Sequence diversity in maize and teosinte across the control region. (a) Nucleotide diversity across the *tb1* upstream control region. Base-pair positions are relative to AGPv2 position 265,745,977 of the maize reference genome sequence. P values correspond to HKA neutrality tests for regions A–D, as defined by the dotted lines. Green shading signifies evidence of neutrality, and pink shading signifies regions of non-neutral evolution. Nucleotide diversity (π) for maize (yellow line) and teosinte (green line) were calculated using a 500-bp sliding window with a 25-bp step. The distal and proximal components of the control region with four fixed sequence differences between the most common maize haplotype and teosinte haplotype are shown below. (b) A minimum spanning tree for the control region with 16 diverse maize and 17 diverse teosinte sequences. Size of the circles for each haplotype group (yellow, maize; green, teosinte) is proportional to the number of individuals within that haplotype.

We applied the HKA test¹⁶ to address whether individual segments of the control region show evidence of past selection (Supplementary Table 4).

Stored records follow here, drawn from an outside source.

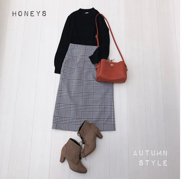 #ニット #ハイネック #チェック #タイトスカート #スカートコーデ #初秋 #秋 #秋コーデ #Honeys #ハニーズ #fashion #R_fashion #ootd #プチプラ #高見え #置き画 #置き画くら部 #きょコ #ハニマニ
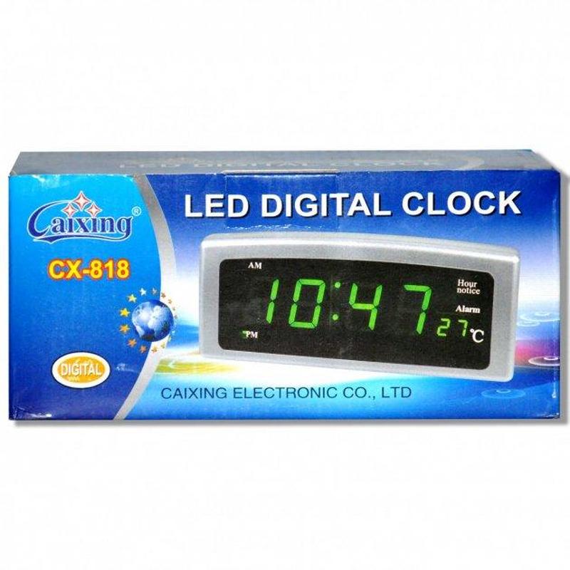 Годинник CX-818-2 зелений Опис: Електронний годинник CX-818-2 — це багатофункційний пристрій, поєднує в собі функції годинника, будильника та термометра. Завдяки великому цифровому дисплею з зеленим LED-підсвіткою, вони легко читаються навіть у темряві. Годинник підтримує як 12-годинний, так і 24-годинний формат зображення часу, , а також дають змогу встановити до 8 незалежних будильників із можливістю вибору мелодій. Регульована яскравість дисплея робить їх комфортними для використання у вечірню пору. Переваги: - Багатофункціональність: показує час, дату та температуру. - 8 незалежних будильників із вибором мелодій. - Регулювання яскравості дисплея, яке автоматично зменшується в нічну пору (22:00 - 6:00). - Літієва батарейка CR2032 підтримує настроювання під час вимкнення живлення. Характеристики: - Висота цифр: 3 см. - Формат часу: 12/24 години. - Діапазон вимірюваної температури: від -10 °C до +50 °C. - Живлення: від мережі 220 В. - Розміри: 21.5 см х 10 см х 3 см.
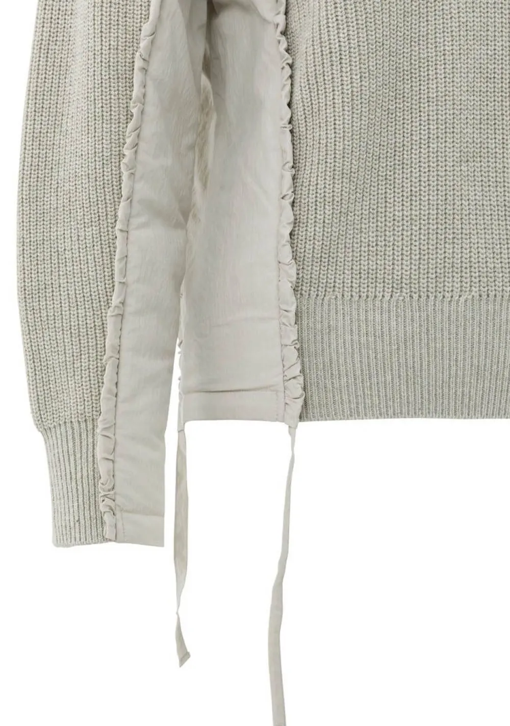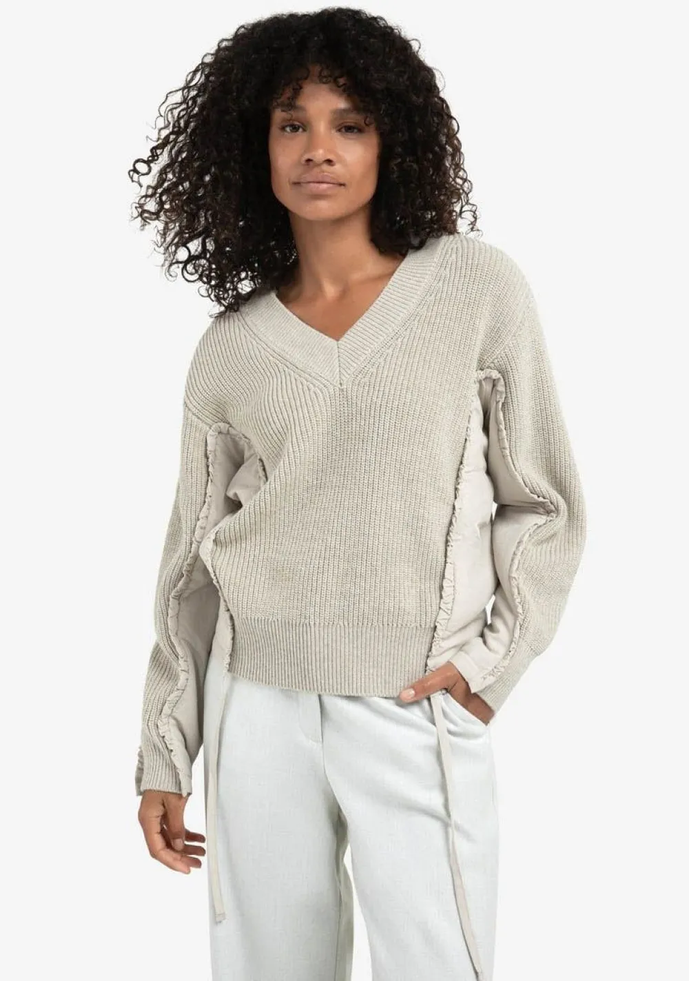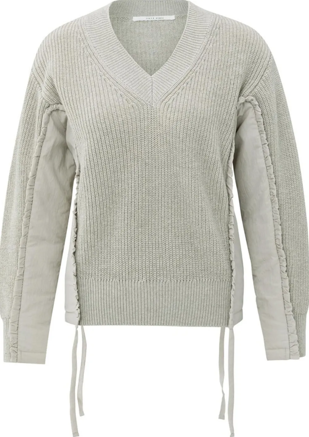 – Trui, afgewerkt in verschillende stoffen/structuren, is voorzien van een speels strikdetail in de zijnaad
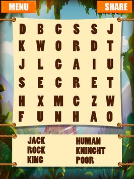The aim of the Word Search Secret is to find all hidden words. With word search puzzle game you can easily improve your vocabulary, concentration and spelling skills. Brush up your brain with this simple and addictive word search game and improve your English vocabulary.
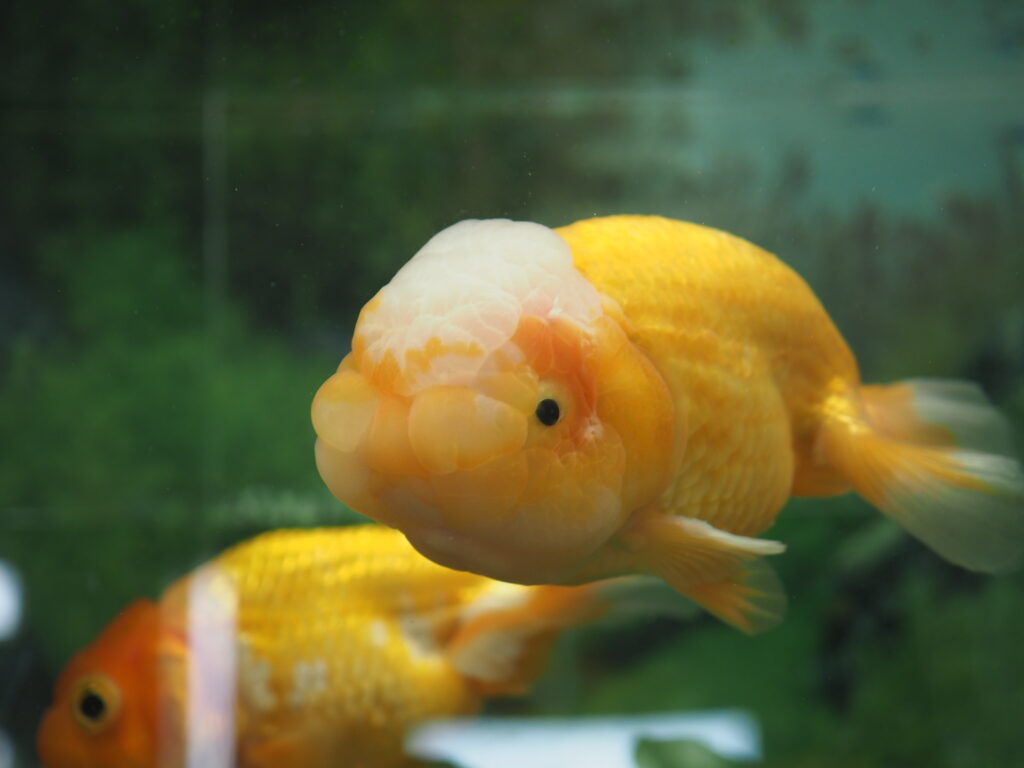 その他の水槽では、更紗和金や蘭鋳といった金魚品種も飼育展示されており、どれも体格がしっかりした立派な個体ばかりです。
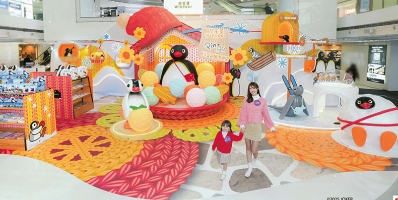 【明報專訊】熱愛歷險的人氣企鵝Pingu今個農曆新年帶同整個家族成員由南極洲越洋來到銅鑼灣皇室堡「旅居」,主角Pingu、Pingu爸爸、Pingu媽媽、Pinga(Pingu妹妹)、Pingi(Pingu女朋友)及海獅Robby(Pingu 好朋友)總動員為大家送上「皇室堡×Pingu暖笠笠鈎織雪樂園」,園內設3大玩樂區,其中最矚目的是2米高「七彩鈎織小部屋」,Pingu身上更佩戴了由Happy Yarn創辦人及創意總監劉陳凱韻(甘比)帶領其團隊親自鈎織的「花開富貴利市袋」,非常可愛!另外兩個區域為「趣味滑雪場」及「雪球Pingu滾動中!」,打卡同時更可與一眾企鵝互動。

Our results confirm previous findings¹⁷ that the region from −65.6 to −67.6 kb (segments A and B in Fig. 3a) does not depart significantly from neutral expectations, but the neutral model can be rejected for the region from −58.8 to −57.4 kb (segment D). We also tested, for the first time, an additional segment (segment C, from −65.6 to −63.7 kb) in the middle of the control region, which our data show departs significantly the neutral model. Prior results¹⁵ demonstrated that the sweep extends from −58 kb to the tb1 ORF; thus, overall, the sweep includes approximately 65.6 kb from the control region to the ORF.

Phenotypic fine-mapping with recombinant chromosomes indicated that the factors controlling phenotype lie between 58.7 and 69.5 kb upstream of the ORF. Population genetic analysis indicates that the selective sweep extends only to −65.6 kb. Together, these two sources of information suggest that the causative polymorphism(s) lies between −58.7 and −65.6 kb of the ORF. We looked in greater detail at sequence diversity for maize and teosinte in the ~7-kb segment that these two methods define. A minimum spanning tree for a sample of 16 diverse maize and 17 diverse teosintes in this region revealed two distinct clusters of haplotypes, one composed mostly of maize sequences and the other composed mostly of teosinte sequences (Fig. 3b). We designated these clusters as the maize cluster haplotype (MCH) and the teosinte cluster haplotype (TCH), respectively. There are four fixed differences between the sequences in the maize and teosinte clusters (Fig. 3a). Two of these fixed differences are single-nucleotide polymorphisms (SNPs), and two are large insertions in the maize cluster haplotype relative to the teosinte cluster haplotype. BLAST searches of the insertion sequences revealed that one is a Hopscotch retrotransposon and the other is a Tourist miniature inverted-repeat transposable element (MITE). Of the four fixed differences, Hopscotch and one SNP are in the proximal component, whereas Tourist and the other SNP are in the distal component, as delineated by phenotypic fine-mapping.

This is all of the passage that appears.